If we speed up block commits, it might solve this issue:

teor2345 commented 1 year ago

Due to this block verification timeout bug, full syncs are currently taking 40-48 hours. That's still acceptable performance, I think?

mpguerra commented 1 year ago

Is this still happening? if so, when was the last time we saw it?

teor2345 commented 1 year ago

Is this still happening? if so, when was the last time we saw it?

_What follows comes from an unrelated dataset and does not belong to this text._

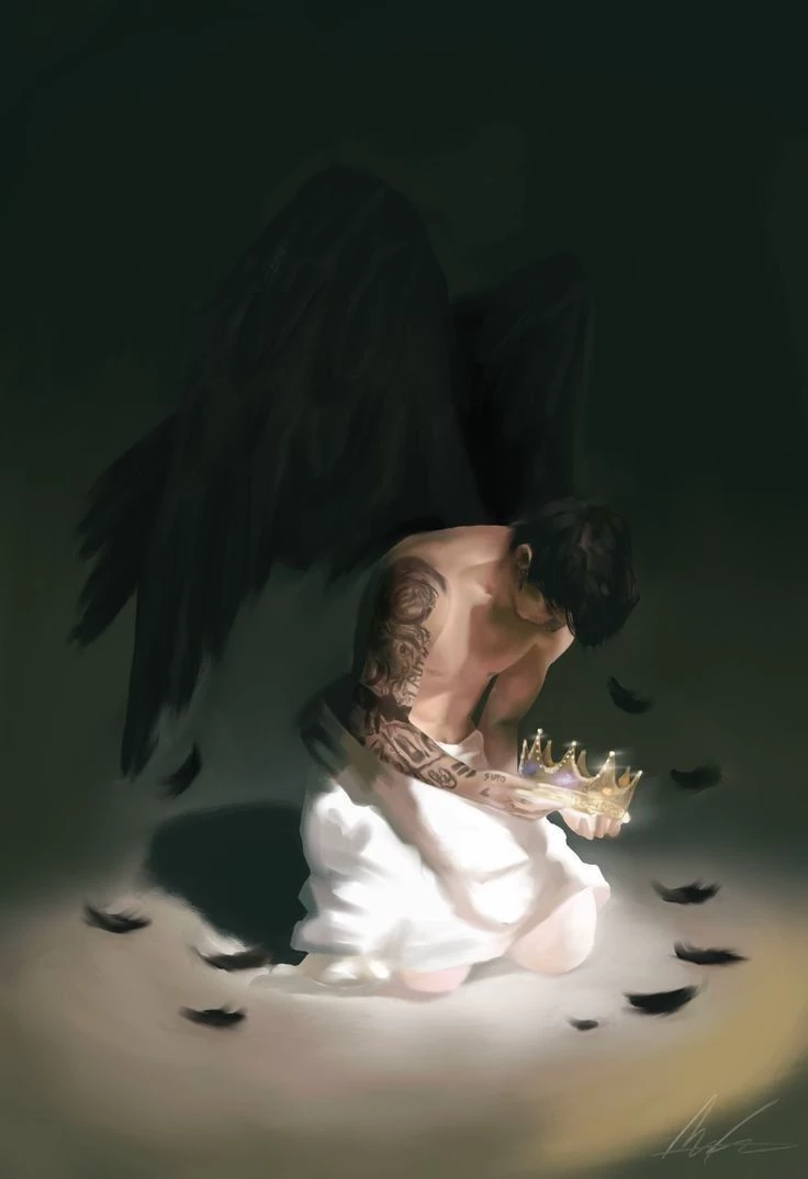 Intro. He needs a wife to find the lost crown. He is a dark angel. But they say that everyone who looks into his eyes dies, unless it's the right person and woman for him. He lives in an isolated part of the castle and only comes out when the moon is not full. When it's a full moon he becomes even more dangerous and powerful, and he doesn't want to hurt anyone. Prefers to isolate himself (inspired by a soap opera I watched. I forgot the name)
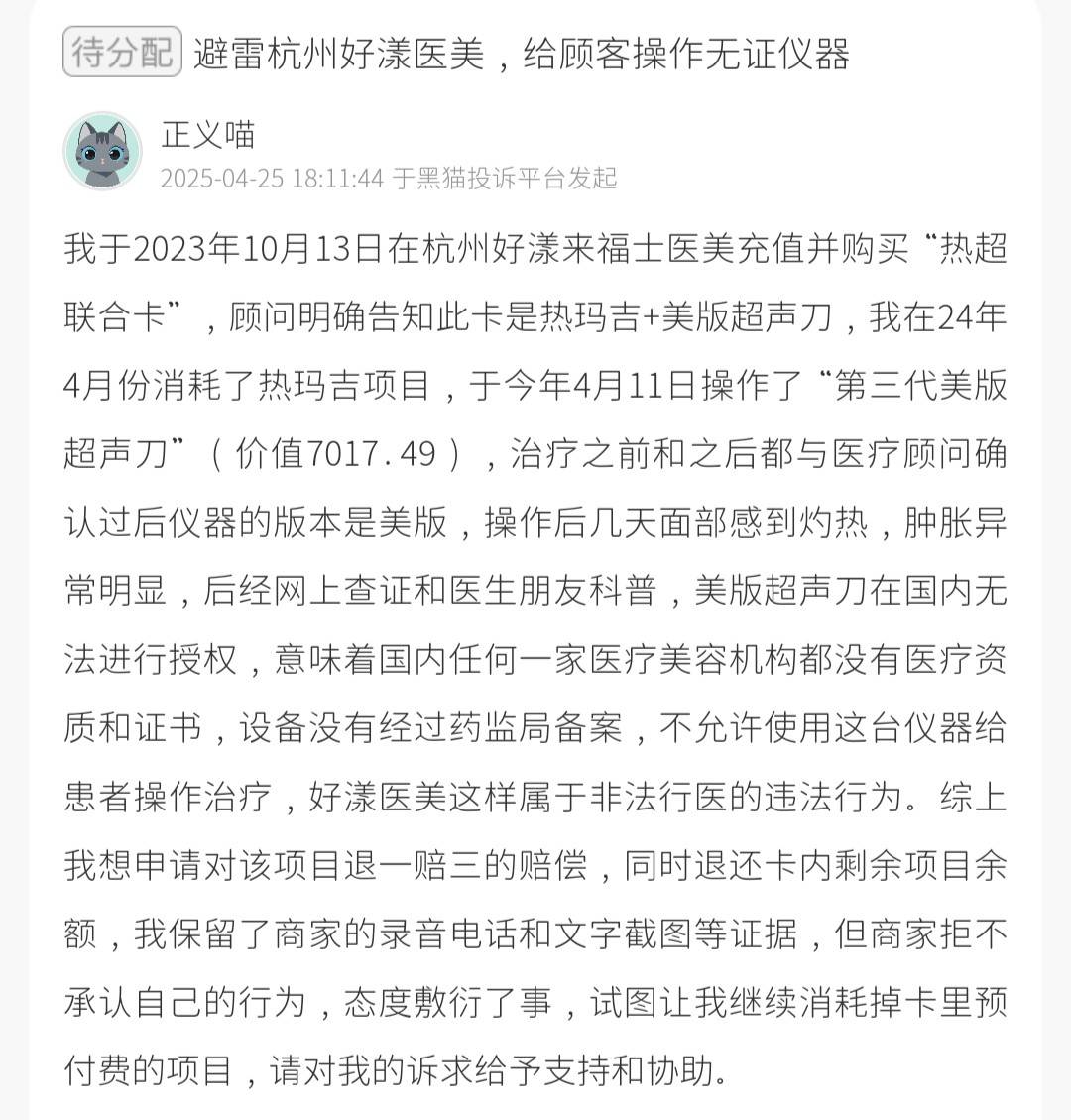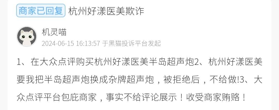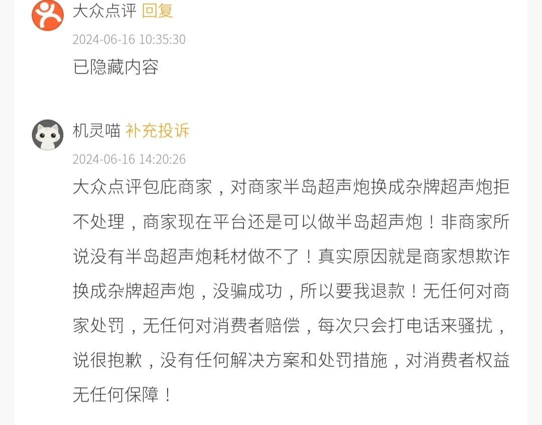 杭州好漾医疗美容诊所除被消费者质疑擅自替换注射类医疗器械外,还因“更换超声炮设备”遭到消费者公开投诉。2024年6月15日,黑猫投诉平台用户发文称,其通过大众点评下单杭州好漾医疗美容诊所明确标注为“半岛超声炮”的项目,到院后工作人员却直接提出“把半岛超声炮换成杂牌超声炮”,并以“耗材已用完、设备故障”等理由要求该消费者接受替换,在该消费者当场拒绝、坚持按订单使用正品半岛设备后,院方随即取消服务并强制退款。

Yes, it happens multiple times in every full sync, this sync is running right now: https://github.com/ZcashFoundation/zebra/actions/runs/4931890966/jobs/8824296617#step:8:8745

In the last completed full sync, it happened at least 200 times, which causes a delay of 3-5 hours in 50 hour sync: https://github.com/ZcashFoundation/zebra/actions/runs/4888643906/jobs/8769200765#step:8:17512

mpguerra commented 8 months ago

@ZcashFoundation/zebra-team has anyone noticed this happening recently? I'm tempted to close

upbqdn commented 8 months ago

Yes, we still have this bug. I got a few of the errors while running an unsynced instance locally:

2024-03-13T13:23:23.783618Z  WARN {zebrad="58bfe97" net="Main"}:sync:try_to_sync:try_to_sync_once{extra_hashes={}}: zebrad::components::sync: error downloading and verifying block e=ValidationRequestError { error: Elapsed(()), height: Height(1941142), hash: block::Hash("0000000000aca7473124dd16884dfe35ee602ba7f9dda66bc2633563c5db3a4e") }
2024-03-13T13:34:23.516921Z  WARN {zebrad="58bfe97" net="Main"}:sync:try_to_sync:try_to_sync_once{extra_hashes={}}: zebrad::components::sync: error downloading and verifying block e=ValidationRequestError { error: Elapsed(()), height: Height(1942686), hash: block::Hash("0000000000ffb91722514ad09b493355add5b8f5559600b7dd7c7b715cdc80a2") }
2024-03-13T13:44:11.547760Z  WARN {zebrad="58bfe97" net="Main"}:sync:try_to_sync:try_to_sync_once{extra_hashes={}}: zebrad::components::sync: error downloading and verifying block e=ValidationRequestError { error: Elapsed(()), height: Height(1944827), hash: block::Hash("0000000001b3c62ba33f778464b308a0435f25a2afa995d1bbbfa553e29c9878") }
2024-03-13T15:31:57.838278Z  WARN {zebrad="58bfe97" net="Main"}:sync:try_to_sync:try_to_sync_once{extra_hashes={}}: zebrad::components::sync: error downloading and verifying block e=ValidationRequestError { error: Elapsed(()), height: Height(1977421), hash: block::Hash("00000000016daccf7867a7b7ad930e118d5f5cd2b13612eea2df038c7aa9747b") }
2024-03-13T15:41:43.896349Z  WARN {zebrad="58bfe97" net="Main"}:sync:try_to_sync:try_to_sync_once{extra_hashes={}}: zebrad::components::sync: error downloading and verifying block e=ValidationRequestError { error: Elapsed(()), height: Height(1978958), hash: block::Hash("00000000006886ebe06217ded4b4718af82549afab6a1a66354c34cec93882be") }
2024-03-13T15:51:26.100828Z  WARN {zebrad="58bfe97" net="Main"}:sync:try_to_sync:try_to_sync_once{extra_hashes={}}: zebrad::components::sync: error downloading and verifying block e=ValidationRequestError { error: Elapsed(()), height: Height(1980798), hash: block::Hash("00000000016422ba324158bd0ed9597dbcdec3a35ee94f08968a92b2440e1b9a") }
2024-03-13T16:01:18.321517Z  WARN {zebrad="58bfe97" net="Main"}:sync:try_to_sync:try_to_sync_once{extra_hashes={}}: zebrad::components::sync: error downloading and verifying block e=ValidationRequestError { error: Elapsed(()), height: Height(1982826), hash: block::Hash("0000000000db2bf60283410f90846223e981d3a4c0d5d9f656804be36067d163") }

The timing is interesting and doesn't seem random. It looks like every few hours, we get a series of error logs that are ten minutes apart.